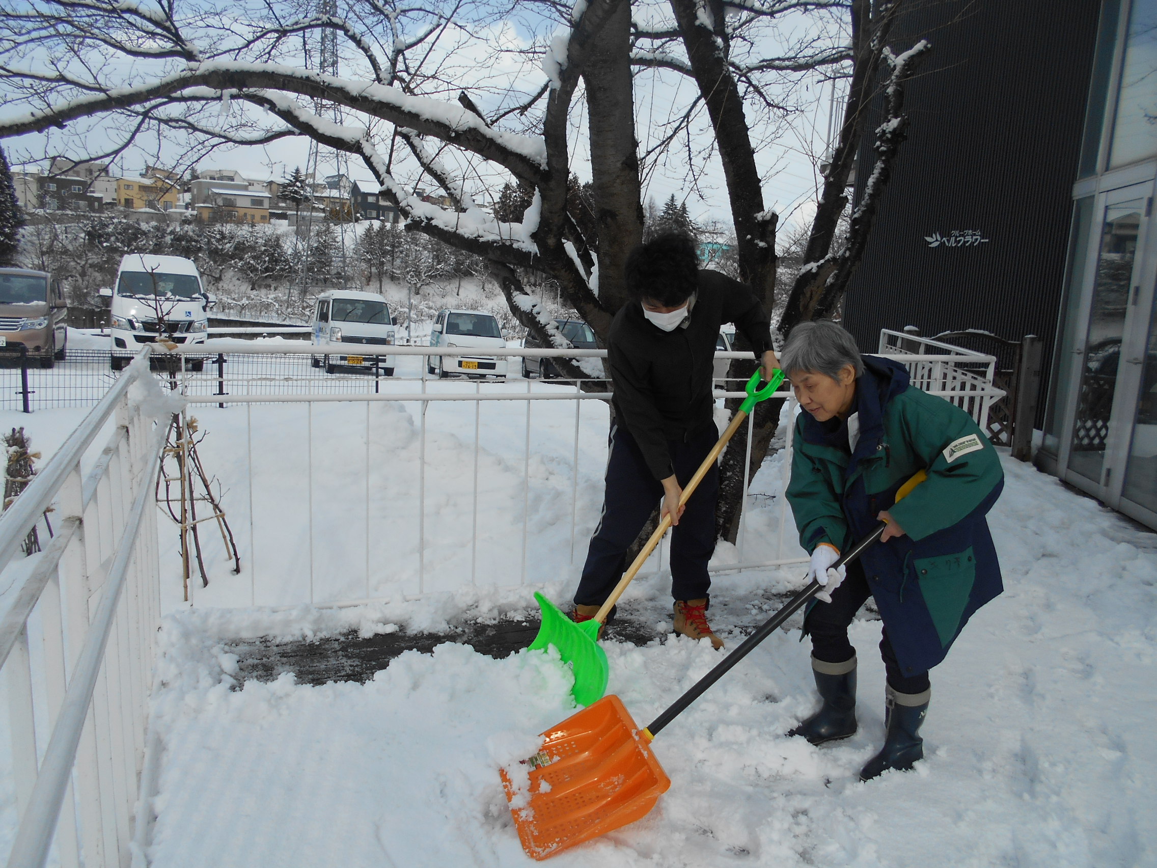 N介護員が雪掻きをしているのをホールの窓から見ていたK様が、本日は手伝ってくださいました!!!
---
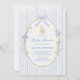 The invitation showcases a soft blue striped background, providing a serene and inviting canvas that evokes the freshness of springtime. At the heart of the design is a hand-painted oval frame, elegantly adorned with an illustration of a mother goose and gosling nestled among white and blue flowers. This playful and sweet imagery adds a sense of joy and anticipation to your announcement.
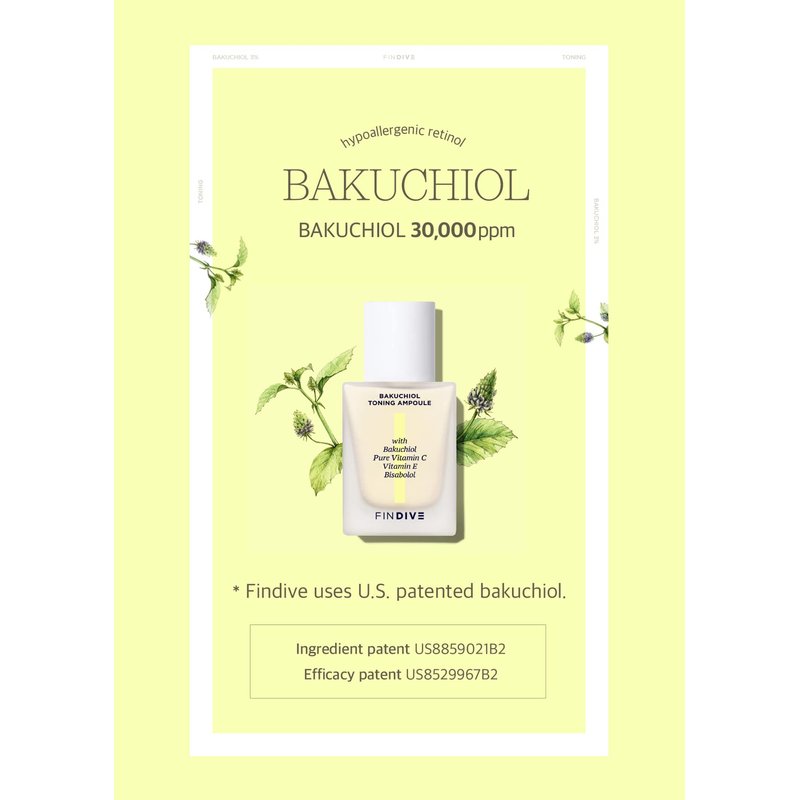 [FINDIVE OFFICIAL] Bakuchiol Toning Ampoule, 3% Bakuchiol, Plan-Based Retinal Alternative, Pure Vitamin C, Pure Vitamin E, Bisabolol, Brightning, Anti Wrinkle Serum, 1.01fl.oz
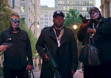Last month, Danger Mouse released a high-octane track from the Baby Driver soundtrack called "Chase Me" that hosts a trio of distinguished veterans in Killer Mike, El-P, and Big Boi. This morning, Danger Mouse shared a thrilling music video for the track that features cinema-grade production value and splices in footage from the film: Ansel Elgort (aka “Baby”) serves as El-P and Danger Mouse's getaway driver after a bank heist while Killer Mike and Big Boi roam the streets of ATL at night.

Exercise requirements: Above are the records; copy exactly the lines from the one with "The invitation showcases" through the one with "[FINDIVE OFFICIAL] Bakuchiol", including both, and nothing more. Leave out pictures.

Answer to this task:
 The invitation showcases a soft blue striped background, providing a serene and inviting canvas that evokes the freshness of springtime. At the heart of the design is a hand-painted oval frame, elegantly adorned with an illustration of a mother goose and gosling nestled among white and blue flowers. This playful and sweet imagery adds a sense of joy and anticipation to your announcement.
 [FINDIVE OFFICIAL] Bakuchiol Toning Ampoule, 3% Bakuchiol, Plan-Based Retinal Alternative, Pure Vitamin C, Pure Vitamin E, Bisabolol, Brightning, Anti Wrinkle Serum, 1.01fl.oz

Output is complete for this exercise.